Analysis of RNA-Seq Data

For estimation of the rRNA content of libraries, reads were aligned to a collection of human ribosomal sequences which retrieved from NCBI nucleotide database. All reads were aligned to those sequences using bowtie2 and reads that failed to align were saved as non-rRNA reads file. Reads in this file were aligned to the complete hg38 assembly by using STAR. Percentage of the rRNA content was estimated by comparing the number of reads aligning to the rRNA sequences and the residual reads aligning to the complete hg38 assembly. For estimating the content of RNA biotypes in libraries, reads were aligned to the hg38 assembly using STAR. Subsequently, counting was performed with HTSeq-count using the geneset annotated by GENCODE Release 21 (GRCh38) and using the GTF feature ‘gene’ for counting.
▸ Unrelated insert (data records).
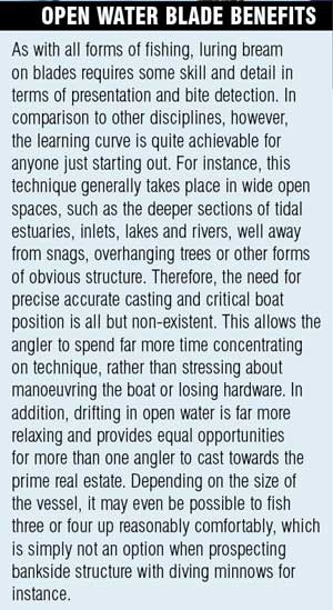 Ideally, depths of about 1.5 to 8 m are preferable, though blades can certainly be worked outside of this range. The most basic retrieve involves casting down breeze and ahead of a slow drift. Unlike fishing shallow flats where a stealthy approach is paramount, there’s usually no need to make extra-long casts with the fish schooling down deep. As the blade descends, keep in contact by maintaining a slight bow in the line. In my experience, bream will intercept a blade either on the drop, both after the initial cast and during a pause in the retrieve, or whilst it’s lying motionless on the sand or mud. Either way, hits usually occur within half a metre or less of the bottom. If a bream bumps, nudges or intercepts the lure before it reaches the bottom, the line with flicker or twitch ever so slightly, which is your key to lift the rod tip and set the hooks. Fail to detect this subtle indication and chances are you’ll miss the fish altogether. If the blade makes it through the school without getting hit and comes to rest on the bottom, the line will relax. From here, a simple lift and pause style retrieve is a good way to start. The idea is to feel the blade vibrate through the line and rod tip, but it must be kept close to the bottom at all times. A short, relatively swift rip of no more than about 20 to 30 cm, is all that’s required. When the fish are really switched on, a faster double-hop may elicit a more aggressive response. Similarly, three to four short sharp jabs, barely lifting the lure off the bottom, but at the same time generating plenty of energy and vibration, followed by a pause, often attracts some attention. Bream will also pick up a blade whilst it’s motionless on the bottom and the next time you lift the rod to impart action on the lure, you’ll feel weight. When this occurs, keep the rod moving back over your shoulder, take up any slack line and drive the hooks home. A number of fish are bumped off in this scenario, which can be frustrating. You may also foul hook quite a few in the side of the face or under the chin.
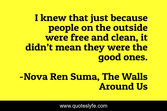 This page presents the quote "I knew that just because people on the outside were free and clean, it didn’t mean they were the good ones.". Author of this quote is Nova Ren Suma, The Walls Around Us. This quote is about good, clean, free, people,.
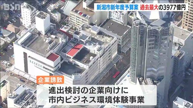 まちの賑わい作りでは、新潟三越跡地の再開発事業に1億7800万円を支援するほか、市内に進出を検討している企業向けにビジネス環境を体験してもらう事業などを新設します。
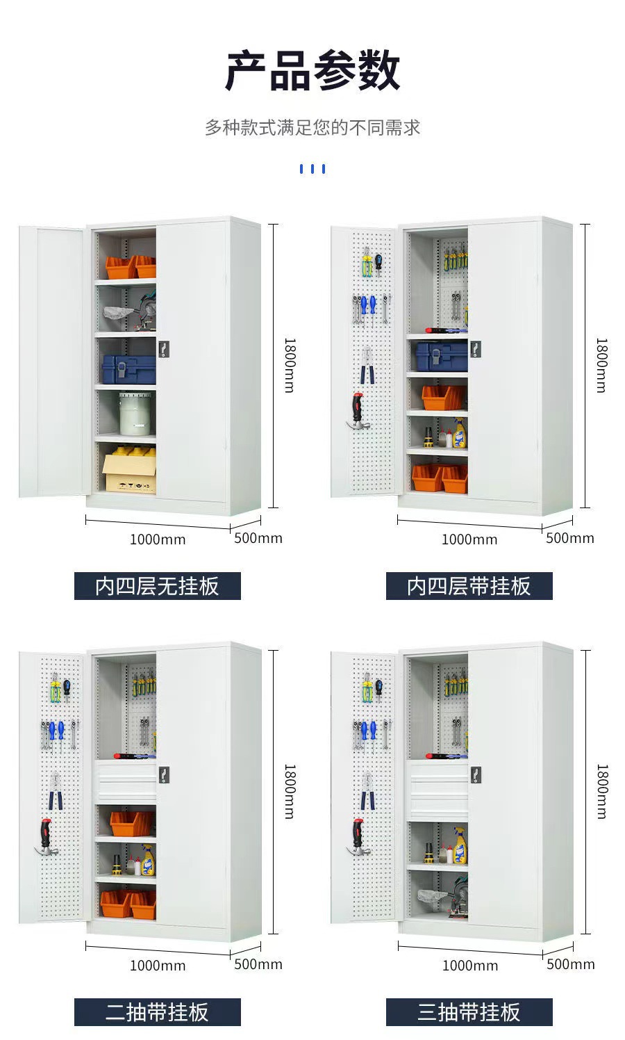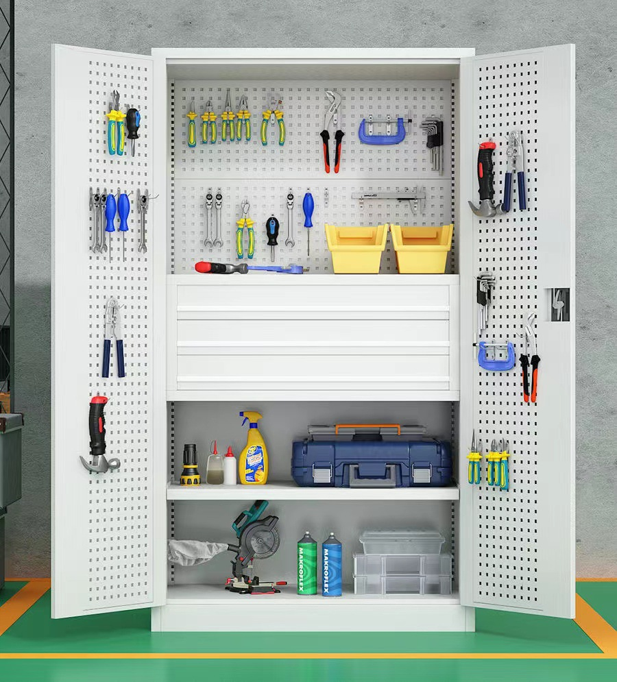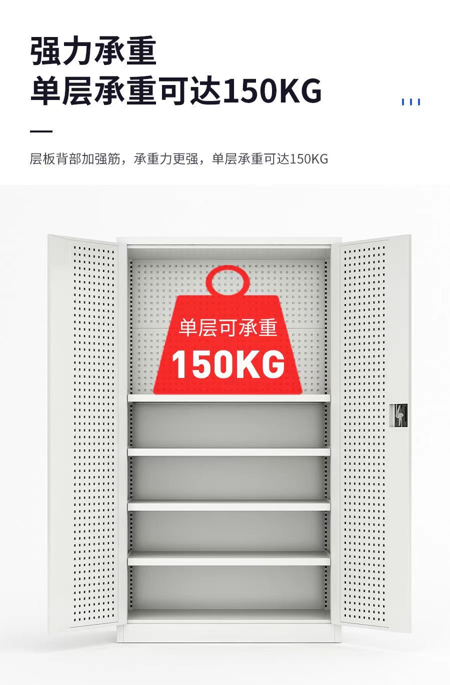 4、标配柜体内每层层板载重100KG。每个抽屉载重80KG。柜体门内板上带有方孔和百叶挂板、可挂各类物件及工具。

Proteomic analysis of the enriched RBPs

After releasing the PP enriched RBPs by RNase A elution, the RBPs were digested by filter aided sample preparation method (FASP) (29). Stable isotopic dimethyl labelling was conducted as previously described (30) for quantitative comparison between the enrichment group of the RBPs and the control. Detailed experimental procedures were provided in the Supporting information.

Proteomic identification by LC-MS/MS

The FASP digested and dimethyl labelled peptide samples were dissolved in 0.1% FA and were loaded into an in-house made 15 cm length reverse phase column (150 nm id) packed with Ultimate XB-C18 1.9 μm resin (Welch materials). An Easy nLC 1000 system (Thermo) was used to separate the peptides using the following gradient: 5–8% B for 8 min, 8–22% B for 50 min, 22–32% B for 12 min, 32–90% B for 1 min, and 90% B for 7 min (A is 0.1% formic acid in water and B is 0.1% formic acid in acetonitrile). A constant flow rate of 600 nl/min was applied. The eluted peptides were sprayed into an Orbitrap Fusion™ Tribrid™ mass spectrometer (Thermo) equipped with a nanoelectrospray ionization source. The mass spectrometer was operated in data-dependent mode with a full MS scan (300–1400 m/z) at a resolution of 120 000, a maximum injection time of 100 ms and an AGC target value of 5e5, followed by Higher-energy Collision Dissociation (HCD) with 32% normalized collision energy. The MS2 spectra were acquired in the ion trap with an AGC target value of 5000 and a maximum injection time of 35 ms. The dynamic exclusion was set to 18 s.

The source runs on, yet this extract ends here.